# GNU Chess problem: I can only play games as root



## bigtoque (Jul 17, 2011)

I've got GNU Chess installed from ports, and have installed xboard and eboard.

When I try to start a new game from a normal user account in either xboard or eboard, I get the error:



> "book_open(): can't open file "/usr/local/share/gnuchess/book.bin": Permission denied"



I can run the game as root.

The permissions for the file are:

```
-r--r--r--  1 root  wheel
```

Edit:

If I change the permissions to:

```
-r--rw-r--  1 root  wheel
```
I can run the game without any errors.

Why would the game run under root with only read permission, yet not work under normal account with read permission? And why would allowing write permission to the files group matter, if it can be run by root with only read permission?


----------



## pmooney (Jul 21, 2011)

bigtoque said:
			
		

> Why would the game run under root with only read permission, yet not work under normal account with read permission? And why would allowing write permission to the files group matter, if it can be run by root with only read permission?

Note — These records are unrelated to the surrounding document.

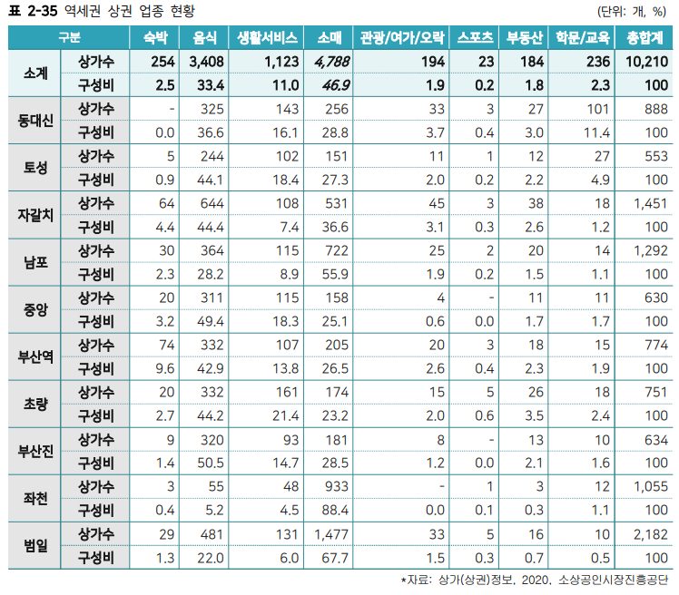 부산역·초량역에서는 음식 및 숙박업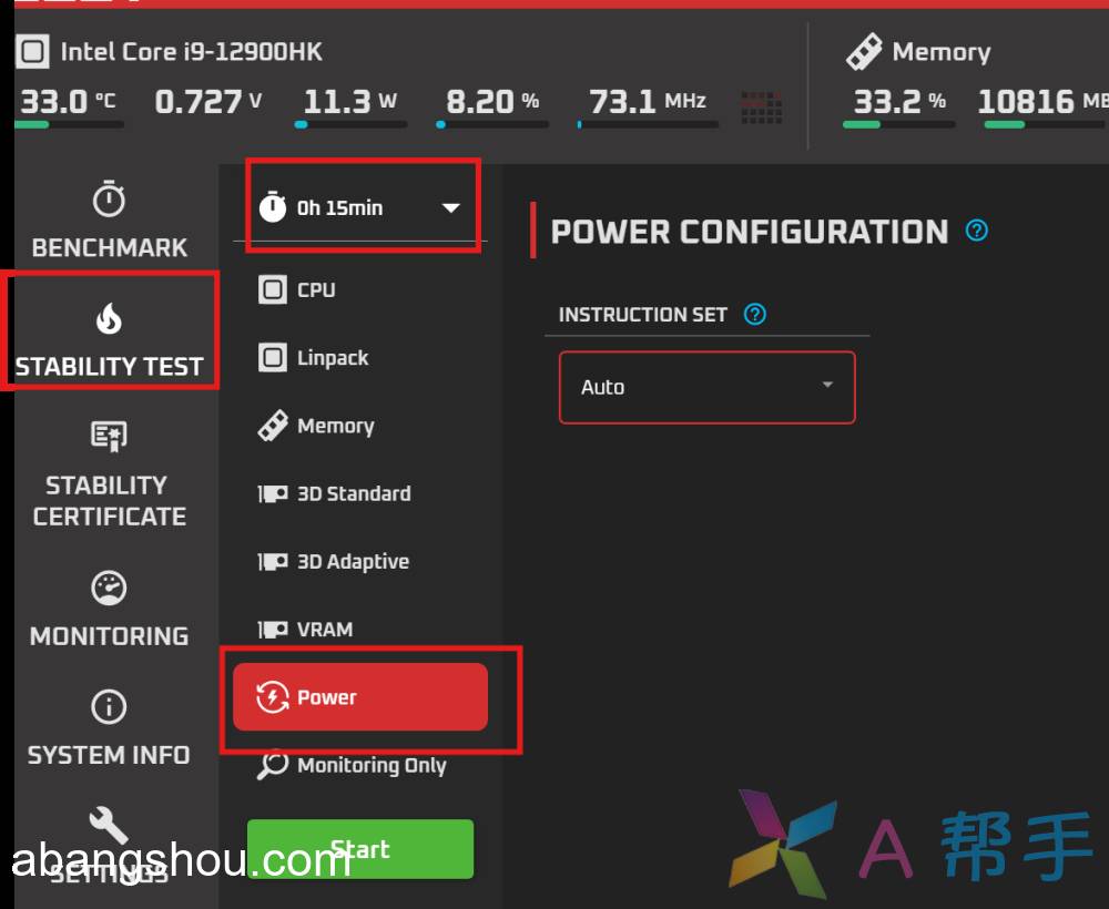 点击 TEST -> Power -> 时间15分钟 ->点击Start 开始测试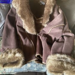 Red Fox Fur Collar Knee Length Dark Brown Leather Wrap Coat$125Vancouver, WA
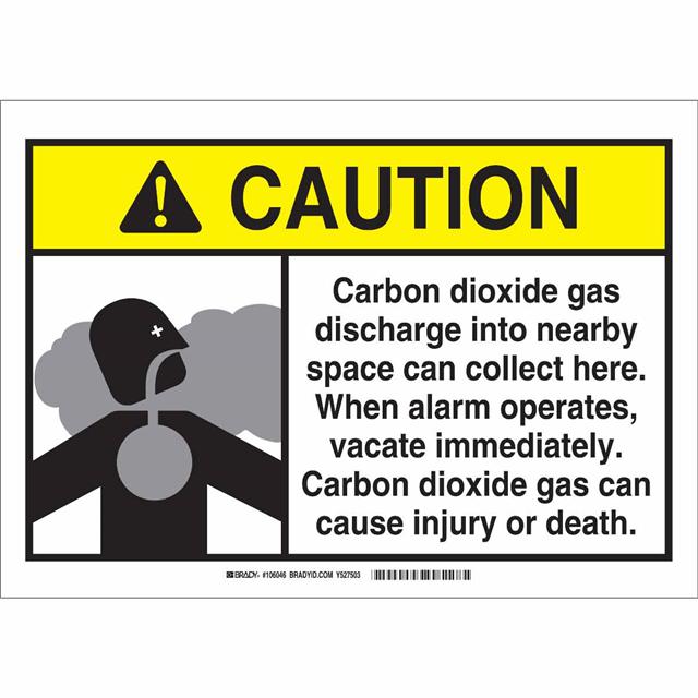 This is manufactured by Brady Corporation. The manufacturer part number is 106043. Label with a size of 10.00" l x 7.00" w (254.0mm x 177.8mm). The product is rohs3 compliant. It is assigned with possible HTSUS value of 8310.00.0000. It is shipped in bulk package . It has a classic black, gray and yellow legend, white background colour. The product brady®, is a highly preferred choice for users. The product is made from highly stable and reliable aluminum. In addition, it is reach unaffected. Its typical moisture sensitivity level is not applicable. A bespoke label is a caution. carbon dioxide gas discharge into nearby space can collect here. when alarm operates, vacate immediately. carbon diox… label. The product is suitable for use with caution. It has a long 4 weeks standard lead time. The product is designated with the ear99 code number.

Root, being the superuser, can open the file read/write even though the FS permissions are set to read-only.  Since your regular user lacks this power, but belongs to the wheel group, g+rw must be set on the file for GNU chess to access it in the manner it wishes.


----------



## vsoto (Jul 21, 2011)

*For comparison*

One of the opening books for games/crafty:


```
-rw-rw-r--  1 nobody  nogroup  2653860 Jul 10 03:15 /usr/local/lib/crafty/book.bin
```


----------



## fwaggle (Jul 22, 2011)

As for why on earth it demands to write to that file, that's probably an issue with either the author or the maintainer.


----------



## Rock (Sep 29, 2021)

I have no problem as root. Non-root gave an error. The fix. Change 
	
	



```
"gnuchess" -x
```
 to include the 
	
	



```
-x
```
 in .xboardrc.


----------



## grahamperrin@ (Oct 2, 2021)

bigtoque said:


> … from a normal user account in either xboard or eboard, I get the error: …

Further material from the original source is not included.